# I need a vibrator.



## SlickRick (Sep 3, 2009)

Why can't you get something to viberate when you want it to? I need to track a 80 yd. PVC water service so I can locate a small leak. I will have to be right on top of the line to do so. Protech told us about using a VB at low flow. My desk is covered in VB's, various stops and HB's that I have loosened washers, added parts, cussed and discused, not a one will chatter. WTF.


----------



## Optimus Primer (May 20, 2009)

put on a compression stop and open it by one or 2 turns. it will vibrate.


----------



## DUNBAR PLUMBING (Sep 11, 2008)

1. Blow the line out clear with air.

2. Get a tank of helium.

3. Fill the line with helium and use a gas detector and you'll find that leak instantly within a 6' circle.


----------



## SlickRick (Sep 3, 2009)

DUNBAR PLUMBING said:


> 1. Blow the line out clear with air.
> 
> 2. Get a tank of helium.
> 
> 3. Fill the line with helium and use a gas detector and you'll find that leak instantly within a 6' circle.


All I have is a TIF combustible gas detector, I don't want to be talking like Daffy Duck to the HO. :laughing:



house plumber said:


> put on a compression stop and open it by one or 2 turns. it will vibrate.


I tried a 1/2" straight comp. stop.

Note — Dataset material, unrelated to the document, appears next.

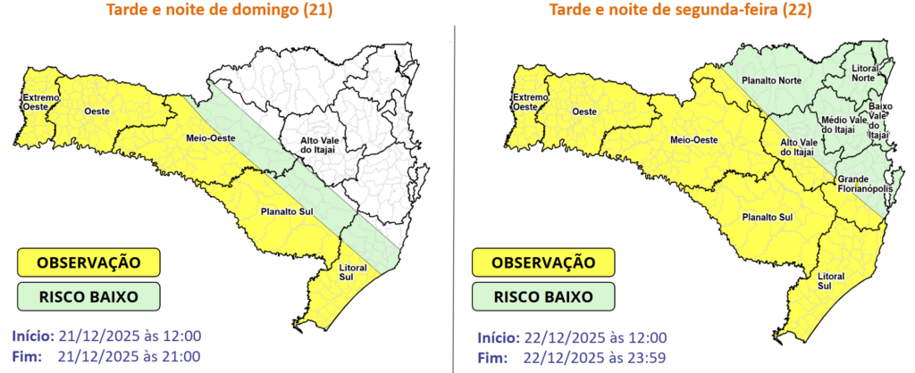 Neste domingo (21) e na segunda-feira (22), a circulação dos ventos em diversos níveis da atmosfera combinada com o calor e umidade, favorecem o desenvolvimento de temporais isolados com chuva pontualmente intensa em Santa Catarina, especialmente nas áreas que fazem divisa com o Rio Grande do Sul. O risco é baixo a moderado para ocorrências associadas a alagamentos, danos na rede elétrica, queda de galhos e árvores e destelhamentos.

I will try a supply stop.


----------



## Protech (Sep 22, 2008)

:yes:



DUNBAR PLUMBING said:


> 1. Blow the line out clear with air.
> 
> 2. Get a tank of helium.
> 
> 3. Fill the line with helium and use a gas detector and you'll find that leak instantly within a 6' circle.


----------



## Protech (Sep 22, 2008)

You could also use an IR gas detector camera if all else fails. The gas shows up on the camera as this mirage looking stuff.

As far as the vibrator thing goes, you can get a compression stop and loosen the screw that holds the washer on. Then while under pressure you can adjust the flow rate on the stop and about 1/2 way between open and closed that washer will vibrate something fierce.

For a less dramatic sound, you can hook a hose up to a vacuum breaker and install one of those brass nozzles on the end of the hose. Adjust the flow rate AT THE NOZZLE until the vacuum breaker makes a high pitched squeal.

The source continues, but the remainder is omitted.